Limit access, urge parents not to linger after discharge

Limiting access to hospital units is one strategy for reducing the risk of abductions and other threats to children, notes Dan Yaross, director of security at Nationwide Children’s Hospital in Columbus. Nationwide uses a system that provides visitors with a hotel-type card key that provides unit access after they have registered and been cleared for visiting a certain patient. (See the story on p. 112 for more on Nationwide’s system.)

The kidnapper’s success in the Pittsburgh case reveals a previously unknown weakness in the use of infant security technology, says John Rabun, ASCW, director of infant abduction response for the National Center for Missing and Exploited Children (NCMEC) in Alexandria, VA. He spent 28 years as executive vice president and CEO of NCMEC before semi-retiring in February 2012. The hospital uses the Hugs infant protection system from Stanley Solutions in Framingham, MA, which Rabun says is one of the more advanced and reliable technology options.

“The more we think that we have every angle covered, the more we’re shown that infant security is a moving target,” Rabun says. “Who would have thought this could happen in the few minutes after the tag is removed?

Sensor tags should be removed from the baby at the last possible moment during the discharge process, Rabun says.
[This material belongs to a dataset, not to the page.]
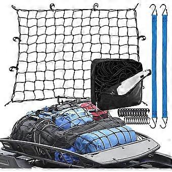Cargo Bungee Net 3 X 4ft Max Stretches To 6 X 8ft - 24 Pcs Universal Hooks & 2 Cargo Cord, Storage Bag - 4 X 4 Inches Mesh - 36 X 48 Inches Oversized

Most hospitals follow that procedure, he says, though there is no formal protocol for removal. Most families leave the unit and the hospital as soon as the discharge process is complete, but inevitably some will return to the room for forgotten belongings, make a visit to the gift shop, or otherwise delay, he says.

“After talking to a lot of staff around the country, after the Pittsburgh incident, I realized this may happen a lot more than we think. But it’s kind of non-observable to outsiders who make a lot of the security recommendations,” he says.

Because the risk of abduction and liability remains as long as the infant is on hospital property, Rabun suggests that the family be made aware that the baby is no longer a patient and no longer protected by the sensor technology.

That discussion will take some finesse, however. Urging the family to leave the hospital immediately makes sense, but you must avoid the impression that you are hustling people out the door the minute they are no longer customers, Rabun says. Instead, focus on the fact that the baby’s care is now complete. He suggests using language such as this: “We’re removing the baby’s sensor tag, so that means we won’t be able to monitor his location anymore. Now that you’re discharged, remember that no staff member will ask to take the baby away from you for any reason.”